WebApp FMI: field configuration and connection pitfalls
The old FMI application (version 3.9.0) is no longer available on the Android and Apple stores. The only official solution is the WebApp FMI, accessible at fmi-core.fff.fr, to be installed via Chrome, Edge, or Firefox on a tablet.
Hardware compatibility
Entry-level tablets equipped with Android Go (the lightweight version of the system) are not compatible with the WebApp FMI. If your club uses this type of hardware, the FMI simply will not launch. A tablet with enough RAM to run a standard browser is required.
Network issues in rural areas
Rural clubs that have adopted the Footclubs mobile application report persistent bugs in areas with low 4G coverage. The FMI requires a stable connection at the time of transmission. On a remote field, you can prepare the match sheet offline, but final validation requires network access.
A useful reflex: test the connection from the edge of the field an hour before kick-off. If the signal is too weak, sharing a connection from a smartphone with a better antenna can help.
Managing team data at the start of the season
At the start of the season, the passwords for FMI user accounts are sometimes reset by the FFF. This happened in the summer of 2021, and the procedure may happen again. The Footclubs correspondent must anticipate this possibility by checking each coach’s access before the first official match.
Retrieving team data goes through Footclubs. You can find licensed players, line-ups, and results from previous seasons. Checking the data before the first match avoids administrative blockages on match day, particularly the absence of a player on the sheet because their license has not been validated.
Footclubs facing private platforms: retaining licensed players from a small club
Platforms like Playo or TeamSnap allow players to organize informal matches among themselves, with online registration, integrated payment, and geolocation of available fields.

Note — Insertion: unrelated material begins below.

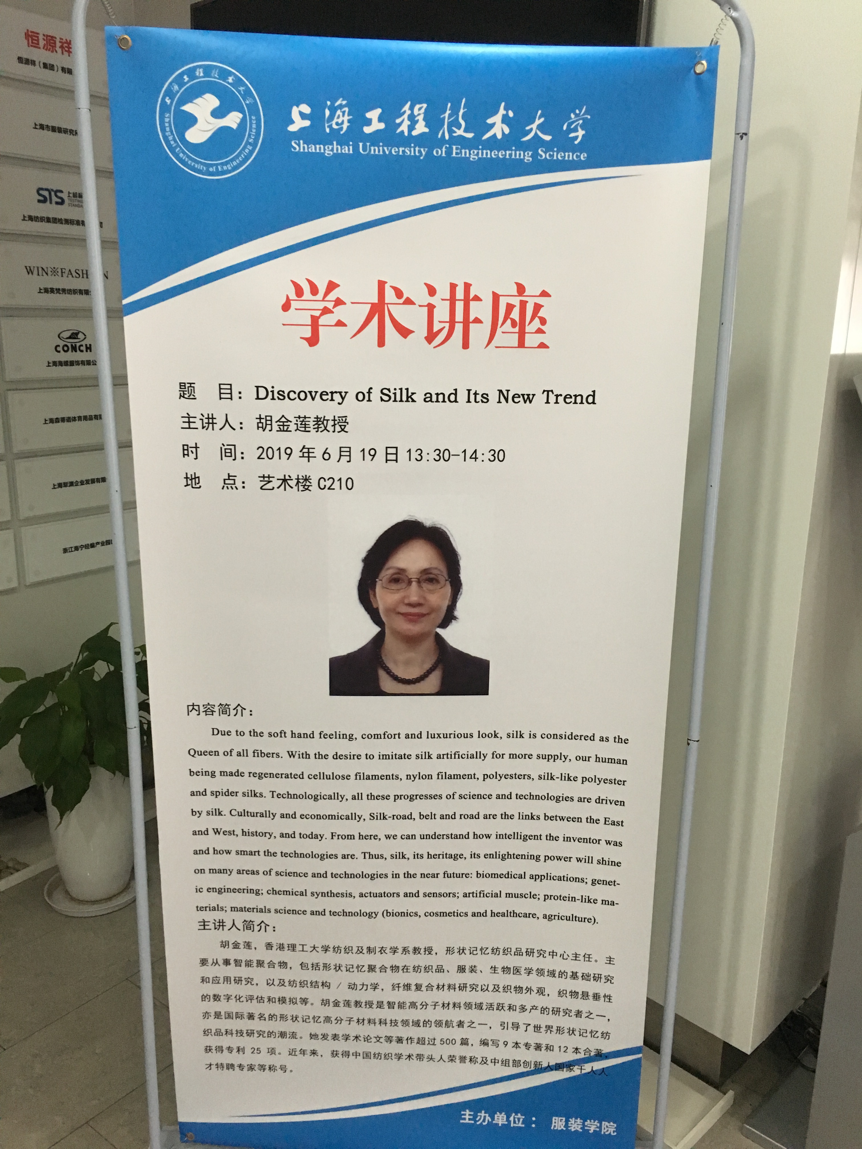 6月19日下午,9728太阳集团服装学院在艺术楼C210举办了由香港理工大学胡金莲教授做的题为Discovery of silk and its new trend 的学术讲座。此次讲座由服装学院王际平教授主持,副院长沈勇教授,纺织工程系主任辛斌杰教授,青年教师及相关专业的各级研究生参加了此次讲座。

For an amateur club with a few dozen licensed players, this competition is direct: a player who finds it easier to book a slot on a private application may end up not renewing their license.
Footclubs is not intended to compete in the field of public user experience. Its strength lies in the institutional link: license, insurance, access to official competitions, federal history of the player. For a small club, the retention strategy relies on what Footclubs makes possible that private platforms do not cover.
Leveraging federal recreational football
The FFF launched a recreational football development program in 2019, based on small group practices: Foot5, Futsal, Beach Soccer, Futnet, Golf Foot. The Fitfoot targets a female audience, while Walking Football targets seniors. These formats are more accessible and less physically demanding than traditional eleven-a-side football.
A club that registers these activities in Footclubs can offer a comparable option to what Playo promotes (short matches, relaxed atmosphere), while maintaining the federal framework. Feedback on this point varies by district, but clubs that have diversified their recreational offerings generally see better retention of adults between seasons.
- Create Foot5 or Futsal slots in Footclubs to provide an alternative to private platforms.
- Communicate about federal insurance and access to official competitions, two advantages absent from third-party applications.
- Use the Federal Educational Program as a retention argument with families of young players.

The real lever for a small club is not to make Footclubs more appealing than a public application. It is to rely on what the federal platform structures (licenses, competitions, team data) to offer a practice option that private platforms cannot replicate. A well-trained Footclubs correspondent, functional FMI access from the first match, and a visible recreational offer are enough to anchor licensed players in the federal circuit.